Each bucket 50 is engaged by two drive rollers 68 of each group, on either side of the cable element 52, the cable elements being guided between the drive rollers 68 on both sides.

The bucket train 24 and the support wheels 15 to 22 are substantially the same as the configuration described in U.S. Pat. No. 3688893 in the above point. The details of the bulk material processing machine 10 are substantially similar to the construction of the above-mentioned patent. The structure of the present invention will be described below.

Endless bucket train 24 has boom wheel 22, frame wheel 17,1
Go around the upper side of 9,19a and go under the frame wheels 16,18,20. The loading span 26 of the bucket train 24 described above is the wheel 22,1.
Suspended between 6 freely. When the charging span 26 contacts the bulk material, the charging span is suspended along the catenary line in the city. machine
When 10 is activated and the charging span 26 contacts the bulk material 28, the intermediate portion 26d of the charging span 26 contacts or is dug into the bulk material. A downward running portion 26e of the charging span is suspended along the catenary between the boom wheel 22 and the bulk material. Bucket 50 along section 26e is empty. The upward running portion 26f of the charging span 26 is suspended along the catenary line between the bulk material 28 and the support wheel 16. Along the portion 26f, the bucket 50 is full of bulk material, which is the material that the bucket has excavated along the middle portion 26d.

After the bucket 50 has been loaded with the bulk material, the bucket train travels along a path that rises upward, which path extends upwards 26f of the charging span 26 and the spans of the bucket train 24 between the support wheels 16 and 17. Including 39.

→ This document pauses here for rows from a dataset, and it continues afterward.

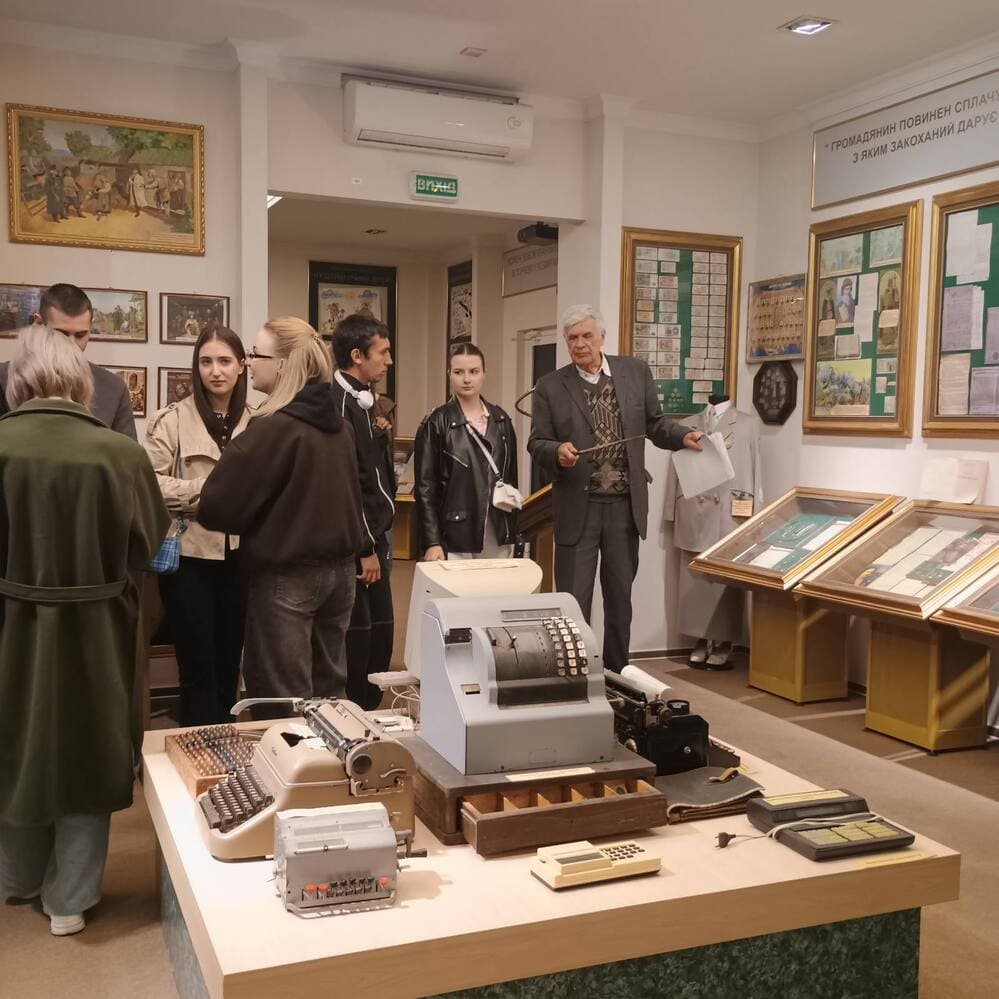 Під час відвідування музею здобувачі освіти ознайомилися з основними етапами становлення та розвитку податкової системи на українських землях: від періоду Київської Русі до сучасного етапу функціонування податкових органів. Експозиція музею включає унікальні історичні документи, грошові знаки різних періодів, матеріали щодо розвитку фінансових інституцій, а також зразки обчислювальної техніки, що використовувалася у діяльності податкових органів.
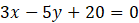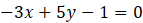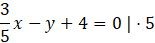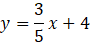 Mając daną prostą -3x + 5y – 1 = 0 oraz punkt A = (0, 4), wyznacz równanie prostej takiej, która przechodzi przez punkt A i jest równoległa do poprzedniej prostej.
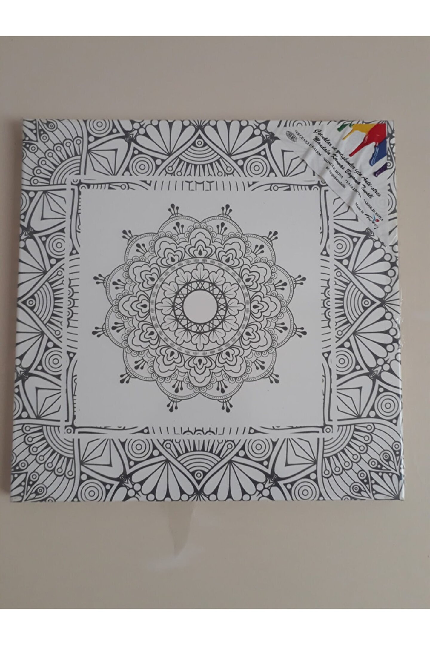 Mandala tuval boyama setimizde 1 adet 35x35cm kanvas tuval 5 adet akrilik boya tüpü ve1 adet boyama fırçası bulunmaktadır. ; Setimiz sağlığa zararlı hiçbir madde içermemektedir. ; Evde ve okulda etkinlik için uygundur. ; Setimizden alan müşterilerimize isimli kaligrafi karton fon hediye edilmecektir. ;
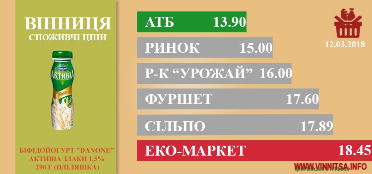 АТБ, пр. Юності, 51, ЕКО-маркет пр. Юності, 18, Сільпо, вул. Келецька, 105, Фуршет, вул. Е. Пікуса, 1-а , Ринок «Урожай», вул. Пирогова, 50 а, Ринок, вул. Некрасова, 48.
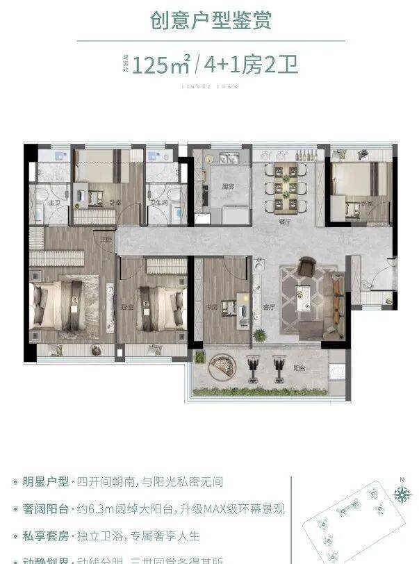最灵活 | 125㎡ 4+1房·五开间朝南
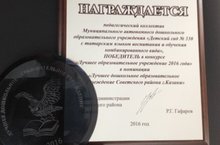 Победитель в конкурсе «Лучшее образовательное учреждение 2016 года» в номинации «Лучшее дошкольное образовательное учреждение Советского района г.Казани» 15.08.2016
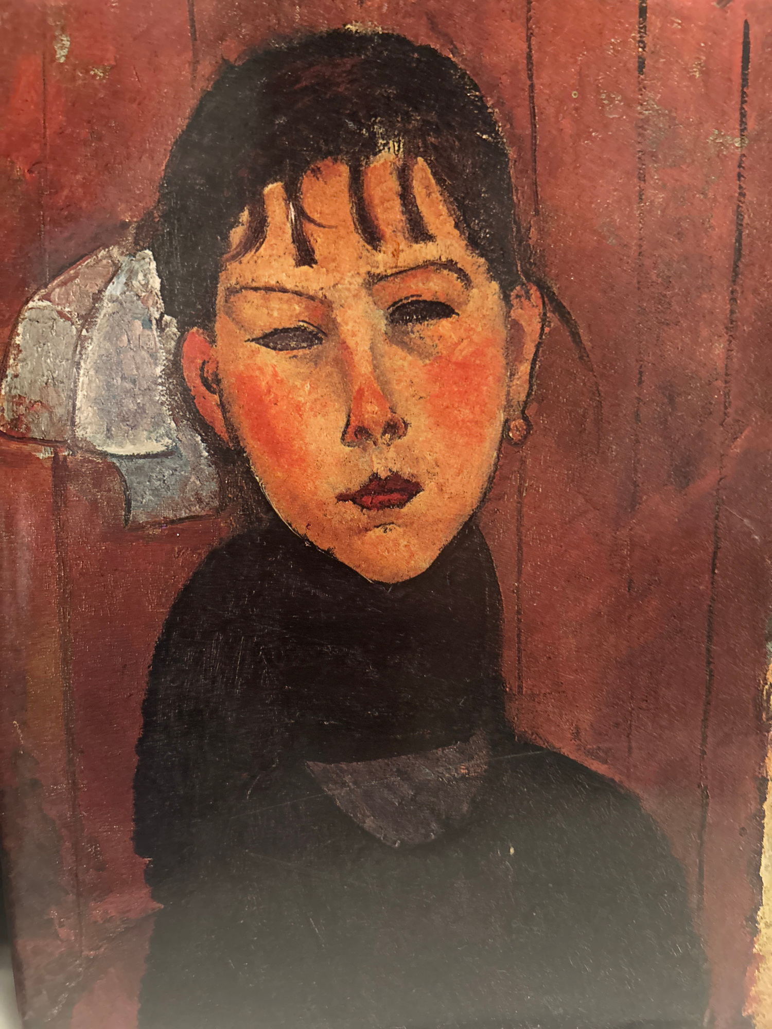 A painting shows a portrait of a reclining woman. She is fair-skinned with rosy cheeks and black hair. She is lying on a red surface, perhaps a bed or floor. The location of Pantin, France, is not vis…read more
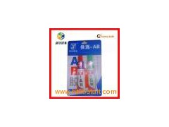 Fast cure time,high solids and strength, heat resisitance, chemical resistance,water resistance, humidity resistanceAB glue/ AB Epoxy Adhesive / AB Epoxy Steel Adhesive / AB SELLICON Resistance Oil and grease. Fast Cure Adhesive Main Component: A component is the modified Epoxy Resin, B component is modified Sulfur hardener Five Minutes Rapid Clear Epoxy Adhesive is based on the room temperature, having the features of: (1) solidifying rapidly within 3-5 minutes, (2) suitable for small parts and structural strength (3) can be used after one hour (4) quick set and high adhesive performance (5) can be lacquered and waxed (6) waterproof and chemical medium (7) joint layer is clear and elastic
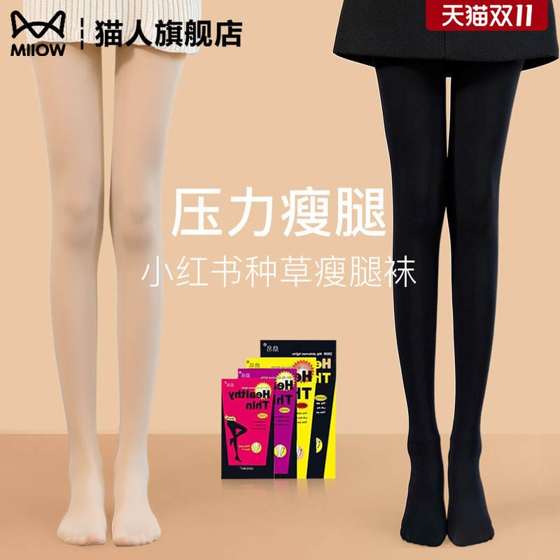 猫人压力袜女瘦腿袜光腿神器强压黑色丝袜秋冬加绒加厚打底连裤袜
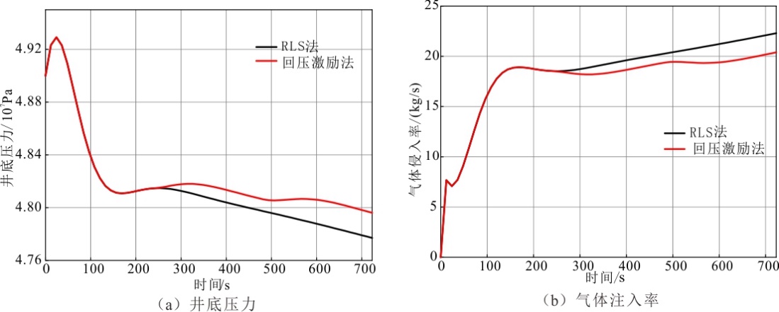 圖4仿真結(jié)果表明:兩種方法均能在氣侵發(fā)生后較快地反演出地層壓力和產(chǎn)能指數(shù),RLS算法反演速率略快于回壓激勵法,而回壓激勵法的反演精度略高于RLS法。由圖5仿真結(jié)果可知:回壓激勵算法需要實時采集足夠多的數(shù)據(jù),在其采集數(shù)據(jù)期間無法進行地層壓力的反演,導致其反演速度稍慢于RLS法。但因其在井口處施加了兩次回壓,采集數(shù)據(jù)期間一直有回壓作用于井口,會減緩井底壓力的下降和氣體的侵入速度。可以看出,回壓激勵法在采集數(shù)據(jù)期間能加速氣侵的衰減,一定程度上抑制氣侵的進一步擴大。
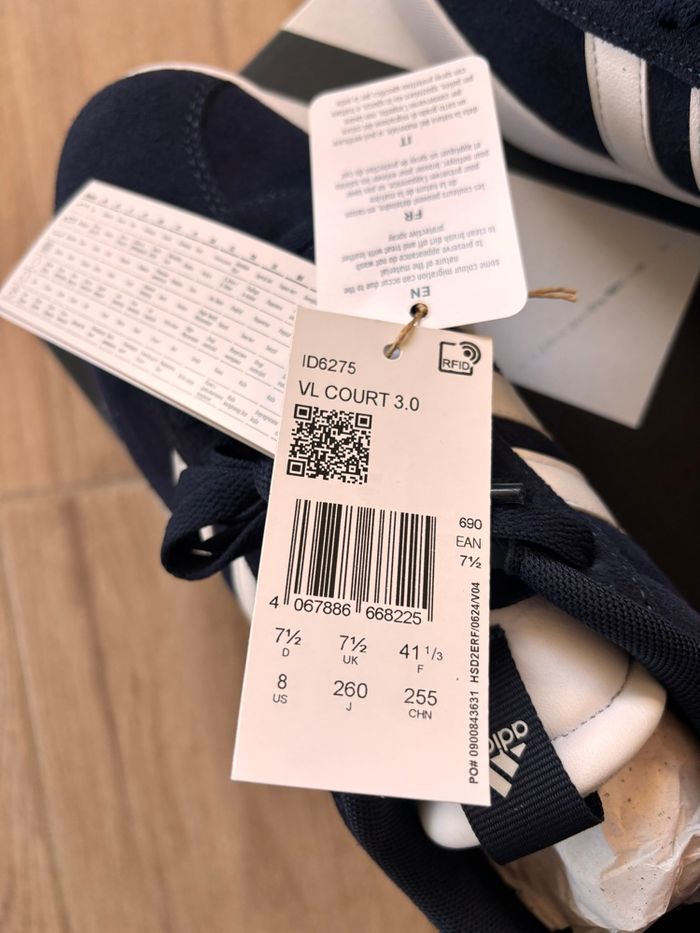 Vends Baskets/ sneakers ADIDAS VL court 3.0 neuves, jamais portées , dans leur emballage d’origine. taille 41 1/3, couleur bleue marine .
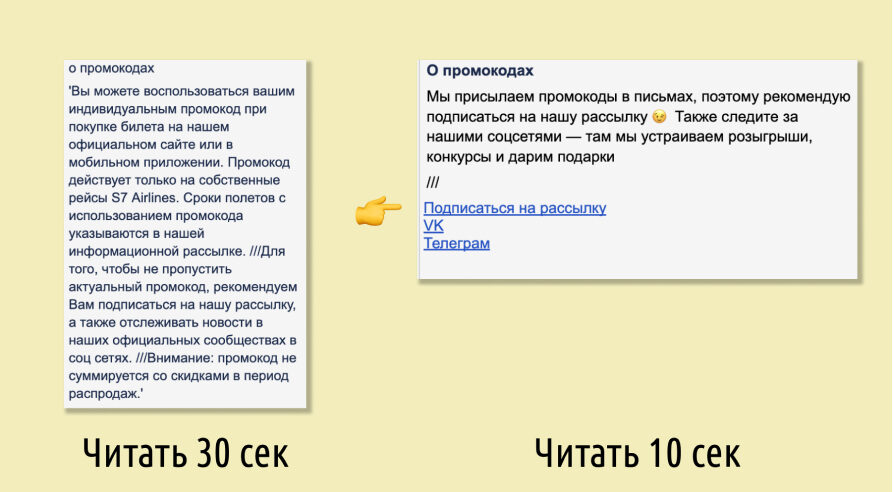 Мы проанализировали каждую реплику и определили её полезное действие. Например, если человек интересуется промокодом, значит он хочет его найти. Поэтому мы сразу говорим, что размещаем промокоды в письмах, ВК и Телеграме. Такая максимизация полезного действия вдобавок сокращает текст, а значит экономит время путешественника.
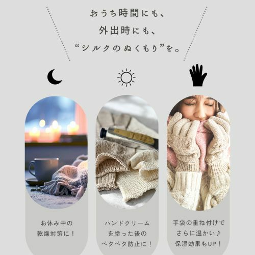 重ね付けで手元ポカポカ。肌にやさしいシルクのあたたかさ。

Obviously, the endless bucket train 24 has various support wheels 16-22.
When it goes around, it receives various gravitational forces, dynamic forces, and stress. The tensioning element 52, such as a cable, must support the entire weight of the suspension-filled bucket and is subject to the large additional dynamic forces created by the excavation action as the bucket is pulled through the bulk material. Incidentally, the flexibility of the cable element 52 causes another stress,
In particular, this deflection is caused by the movement around the discharge support wheel 17 of the full bucket and the movement around the drive wheel 18 of the bucket. Thus, the cable element 52 is most stressed when it is close to the support wheels 17 and when traveling between the support wheels 17 and 18 along the unloading span 32. The combination of high tensile stress and high bending stress in the cable element 52 promotes wear of the cable element 52. The engagement of the cable element with the support arm 66 of the support wheels 17, 18 promotes wear of the cable element.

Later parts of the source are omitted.